I've got a hotmail account alongside my gmail account in the standard mail client.

If that's not to your taste then I've found Aquamail works alright as well.


----------



## danny la rouge (Apr 17, 2013)

Pingu said:
			
		

> so cant really blame anything recent on that move


I'm not. It was an aside.


----------



## danny la rouge (Apr 17, 2013)

Fez909 said:
			
		

> Good stuff. I might even have a go myself. I'm a big fan of open source.



It's great. Does exactly what I need. Will support multiple accounts. 

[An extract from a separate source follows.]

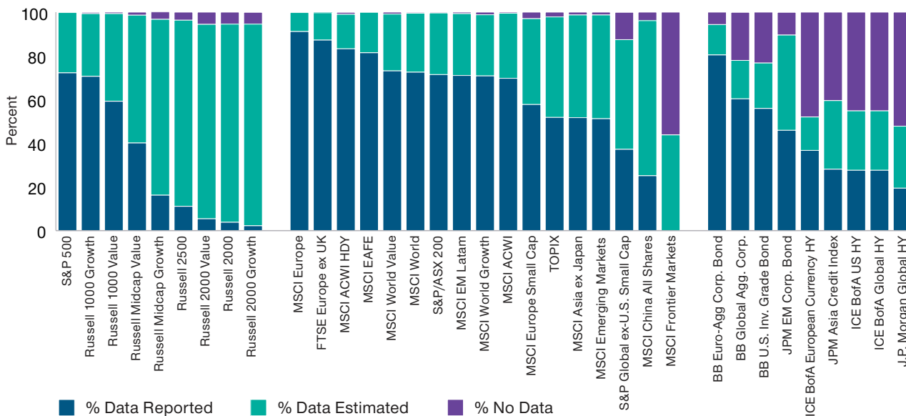
(Fig. 2) Carbon emissions data availability by index

Agg. Corp Bond = Aggregate Corporate Bond; BB = Bloomberg Barclays; HDY = High Dividend Yield; HY = High Yield; S&P/ASX 200 and TOPIX represent Australia and Japan stocks, respectively. Chart depicts carbon emissions data disclosed by constituent companies of each index.

It is happy with my personal account, but my work account is too "recent", so I'm going to change that to a service K9 can support. It'll be worth it, I think.


----------



## danny la rouge (Apr 17, 2013)

Pingu said:
			
		

> which app are you using? I use this one with no problems at all


The official one. Which changed this morning. With the problems I outline in my OP.


----------



## mincepie (Apr 17, 2013)

I see i'm forced to upgrade too. (Same app)
Hotmail app is just stuck on a screen saying "upgrade"
Bit naughty that as presumably I  haven't got any email alerts etc from it in it's current "you must upgrade" state.


----------



## danny la rouge (Apr 17, 2013)

mincepie said:
			
		

> I see i'm forced to upgrade too. (Same app)
> Hotmail app is just stuck on a screen saying "upgrade"
> .


Exactly. 

I'm delighted with K9. It's doing exactly what I need.


----------



## mincepie (Apr 17, 2013)

Outlook:

Why is everything HUGE!
I only get about 4 emails on the screen.
It still has the same basic FAIL that the old Hotmail app had, and the reason I went to Hotmail app over the default Android email client (in the hope that this would be sorted) - that is - you can't search for old email, other than ones that are held on the device (max 30 days). Whereas with the gmail app - searching looks through all the emails ever sent/received.


----------